This study is the first, to our knowledge, to present the antinociceptive effect of the intraperitoneal administration of immature R. occidentalis in rats with hyperalgesia induced by repeated intramuscular injection of acidic saline. Our findings showed that iROE exhibited an antinociceptive effect in a dose-dependent manner. This analgesic property of iROE was significantly agonised by dexmedetomidine and antagonised by naloxone, mecamylamine, and yohimbine, which indicates the involvement of the α2-adrenergic, cholinergic, and opioid receptors. Moreover, iROE presented a superior antinociceptive potential to mROE.

Since we observed that mROE exhibited an analgesic effect on chronic muscle pain in previous study [7], we would like to perform the study regarding iROE and compare between mROE and iROE in current study utilizing dose of 300 mg/kg with greatest analgesic effect. Although MANOVA revealed no evidence of a significant difference between the immature and mature groups, LMEM revealed a significant difference. We were unable to draw a firm conclusion about our result because MANOVA was used during the sample size calculation stage. However, based on the LMEM results, we can propose that immature R. occidentalis has a higher potential for analgesic effect than mature fruit. Besides, several studies on immature fruit provided support for our LMEM-based results. This may be the first and valuable evidence for the beneficial effect of immature black raspberry on chronic pain management.
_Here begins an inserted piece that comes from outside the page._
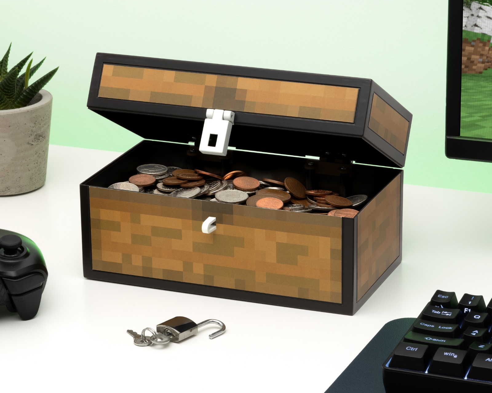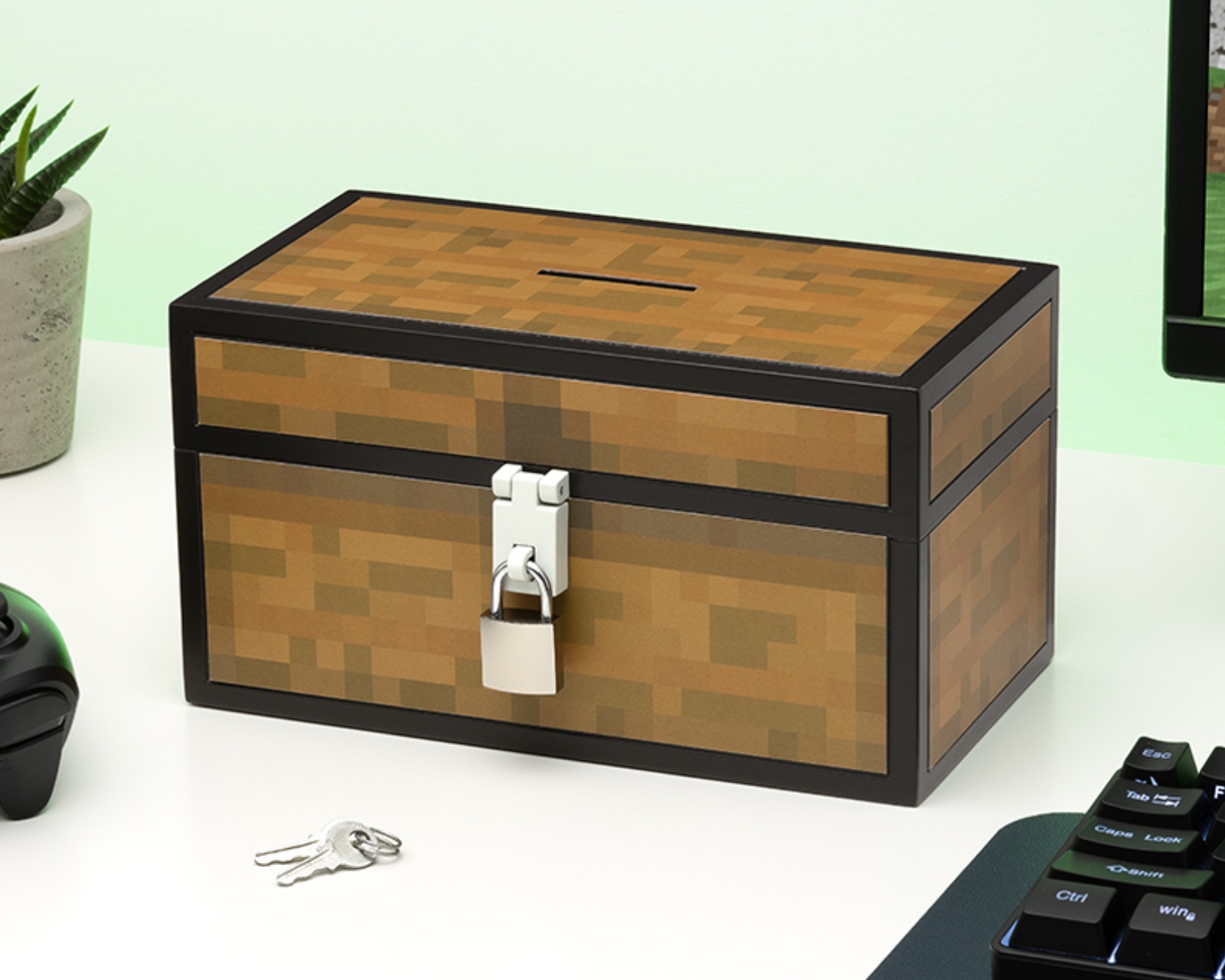 Minecraft Chest Money Box är en spargris inspirerad av det populära spelet Minecraft. Den har en höjd av 12 cm och är tillverkad av plast, vilket gör den lätt och hållbar. Med en medföljande lås kan du säkra dina fickpengar som i en egen valv i Overworld. Den är idealisk för block-byggare och hantverksmästare som vill spara till nästa äventyr.Produkten är designad med en uppsättning specifikationer som gör den lättanvänd och funktionell. Den har en vikten 0.3 kg, vilket gör den portabel och lätt att hantera. Den mångsidiga konstruktionen gör att den kan användas av både barn och vuxna, vilket bidrar till dess breda attraktionskraft.

The content of ellagic acid and anthocyanin, major components of ROE, depends on the ripening of the fruit [5, 17]. Several studies have reported the different capacity of bioactive components in fruits including R. occidentalis. A study investigating the bioactive and pharmacokinetic characterisation of immature R. occidentalis reported that the immature fruit produced a high content of ellagic acid and vitamin C, presenting superior antioxidant activities [6]. Similar results have been observed for other Rubus species [6, 18]. Specifically, ellagic acid, a bioactive component in Rubus species, was significantly higher in immature R. coreanus fruit than in mature fruit. Taghi et al. found that ellagic acid had central and peripheral antinociceptive effect in experimental pain model [19], which supports the analgesic effect of immature R. occidentalis based on our findings. In addition, R. coreanus fruit have potential applications owing to their antioxidative effects mediated via the scavenging of reactive oxygen species [20]. Therefore, it is suggested that components with the observed antioxidative activity are degraded during the ripening process. This theory can be supported by our results of the comparison between iROE and mROE: iROE showed the potential of superior analgesic effect to mROE. The antioxidative property of R. occidentalis is worthy of consideration for the management of chronic pain. Oxidative stress refers to a condition that involves a disturbance in the balance between the production of oxidants and the reactivity of antioxidants; this balance is normally well-controlled [21]. There is strong evidence suggesting that oxidative stress is present in the skeletal muscle of patients with chronic diseases. Besides, since oxidative stress is intensively involved in the pathology of chronic fatigue, its levels are increased in chronic fatigue syndrome and are associated with clinical symptoms such as chronic musculoskeletal pain [22]. There is a causal link between oxidative stress and the pathogenesis of disease, and oxidative stress is now considered a major contributor to the development of numerous chronic diseases with pain [21]. Thus, the antioxidative effect of immature R. occidentalis can be utilised in chronic pain control, which supports its potential as an effective dietary complement for the management of chronic pain.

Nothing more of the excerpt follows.